Михаил Дмитриев: до половины территории, расположенной к югу от Обводного канала, используется нерационально

Президент фонда "Центр стратегических разработок", бывший замминистра экономического развития России Михаил Дмитриев рассказал, за счет каких территорий развиваться Петербургу, нужно ли выводить из города промышленность и почему Новосибирск — это конкурент Северной столицы.

"ДП": Есть мнение, что еще рано создавать постиндустриальную экономику в Петербурге, сначала нужно воссоздать промышленность и лишь потом подумать о следующем этапе.
Михаил Дмитриев: Я согласен с тем предположением, что в России определенный этап доиндустриализации, безусловно, уместен и возможен — просто потому, что значительная часть нашей промышленности сейчас низкопроизводительна и технологически отстала.

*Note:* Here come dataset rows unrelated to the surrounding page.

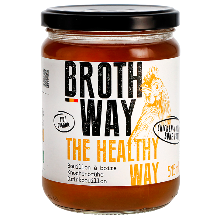 Bottenbouillon verrijkt met kurkuma voor een smaakvolle en gezonde twistRijk aan proteïnen en arm aan vet koolhydraten, perfect als onderdeel van een gezondheidskuurBiologisch, glutenvrij en zonder toegevoegde bewaarmiddelenOntdek de heilzame kracht van Brothway Chicken-Curcuma Bone Broth, een klassieker met een boost. Elke flesje van 515 ml levert een flinke dosis collageen. Deze lichaamseigen stof speelt een rol in de stevigheid van je botten, spieren en huid.De toevoeging van kurkuma verrijkt niet alleen de smaak, maar brengt ook bioactieve stoffen in je dieet. Ideaal voor na het sporten of als een verkwikkende pauze op een drukke dag. Eenvoudig te verwarmen op een zacht vuurtje of in de magnetron voor een snelle en voedzame snack.Met 100% biologische ingrediënten en een zorgvuldig bereidingsproces, staat Brothway garant voor een pure, natuurlijke smaak zonder kunstmatige toevoegingen. Na openen in de koelkast bewaren en binnen drie dagen gebruiken. De verpakking is duurzaam en volledig recyclebaar.De bouillons van worden op artisanale wijze gemaakt, zonder smaakversterkers of bewaarmiddelen. Bij de producten spelen verse kruiden groenten en vers vlees beenderen de hoofdrol. De voedingsstoffen en lekkere smaken komen volledig vrij na een inkookproces variërend van 30 tot maar liefst 72 uur, waarna het eindproduct zorgvuldig wordt gefilterd om alle overtollige vetten te vermijden. Wist je dat je bottenbouillon ook uitstekend kunt gebruiken om mee te koken? Het kan de perfecte basis vormen voor veel gerechten en zorgen voor een diepe, rijke smaak. Je kunt bottenbouillon onder meer gebruiken voor soepen, stoofschotels, sauzen, risotto en marinades, maar experimenteer vooral zelf met de vele mogelijkheden!
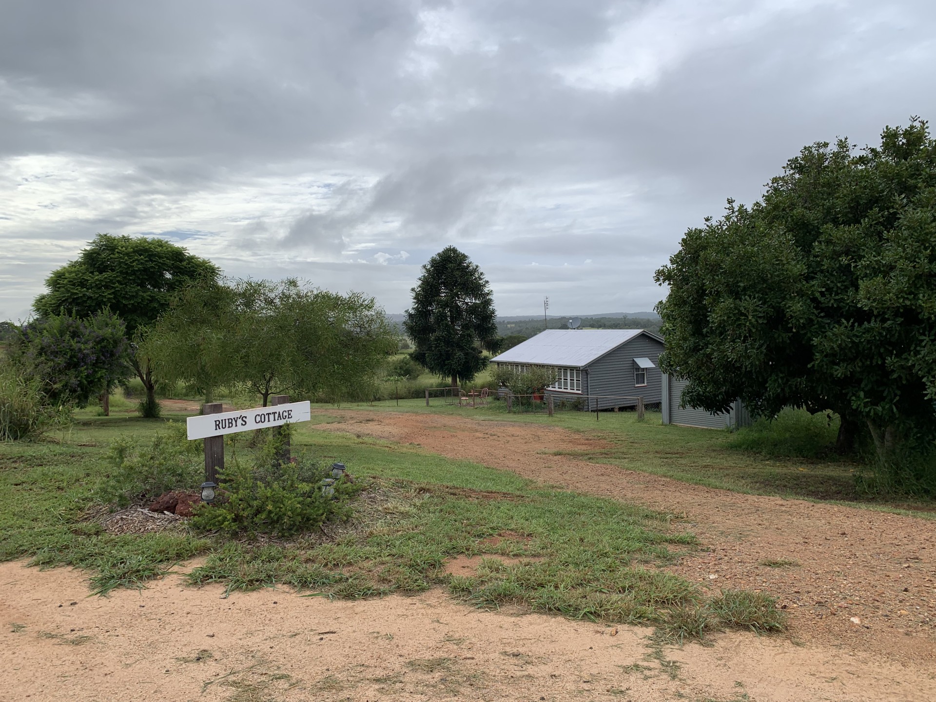 The original cottage (built circa 1940) is 150m from main house and has been operated as a successful BnB business for 3 years. It has been renovated and consists of original timber flooring, one queen bedroom and one single bedroom, sunroom, lounge, kitchen, feature bathroom, and deck. A single bay lock-up garage on cement pad. Cottage is connected to two rainwater tanks providing 50,000 litres water storage. Cottage orchard consists of banana, kalamata olive, muscat grape, orange, lemon, Bowen mango, macadamia all well-established, and recently planted avocados. Available furnished and equipped to continue BnB operation by negotiation. Search Airbnb Proston to view: Ruby's Cottage.
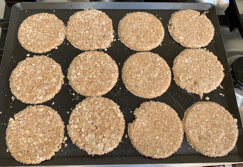 - Get a baking tray ready. If it isn’t non-stick, line it with baking paper. You’ll also need something with which to cut the oatcakes into circles: I use a fairly solid mug whose diameter is 9cm, so I just fit 12 oatcakes into my 30cm x 40cm tray.
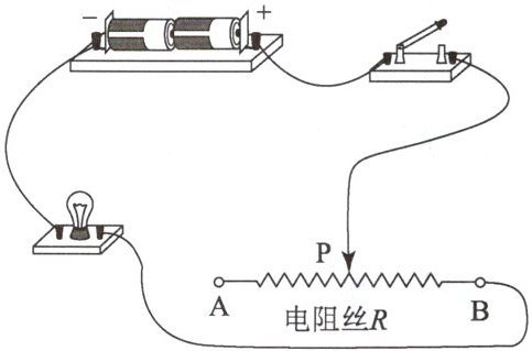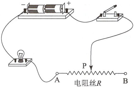 2. 如果电阻丝 $ R $ 接线柱连在了 $ A $ 处(如图所示),滑片 $ P $ 可以在电阻丝上来回滑动且与电阻丝相连通。闭合开关,要使灯泡亮些,滑片 $ P $ 应向哪边移动?为什么?
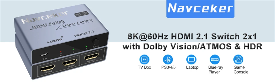 Navceker 8K @ 60Hz 4K @ 120Hz HDMI Switch puede conectar dos fuentes HDMI como reproductor de Blu-ray y PS3, PS4, PS4 Pro, PS5, etc. A una sola pantalla HDMI como HDTV.Y puede cambiar las fuentes HD muy convenientemente usando el botón de interruptor de clic fácil en la unidad. El sistema es compatible con HDMI 2,1, 3D y 8K Ultra HD.

Ее модернизация приведет к расширению рынков сбыта: вполне реальны и более успешная конкуренция с импортом за внутренний рынок, и более активный выход на внешние рынки.
Здесь Россия, скорее всего, будет проходить тот путь, который страны Центральной и Восточной Европы прошли за 1990–е годы, когда они благодаря притоку прямых иностранных инвестиций, которые приИнтервьюИнтервьюнесли за собой новые современные технологии, фактически освоили рынок Евросоюза и вышли за его пределы.
Сейчас многие российские регионы повторяют эту траекторию: например, Пензенский мебельный кластер, калужский автомобильный кластер и многие другие. Другое дело, насколько это применимо к Петербургу — здесь возникают большие сомнения. Сомнения эти связаны с тем, что Россия довольно сильно отстает от промышленно развитых стран и даже от тех постиндустриальных стран, к которым она уже приближается по уровню ВВП на душу населения, по доле занятых в секторе бизнес–услуг. Этот разрыв составляет 2–2,5 раза и более.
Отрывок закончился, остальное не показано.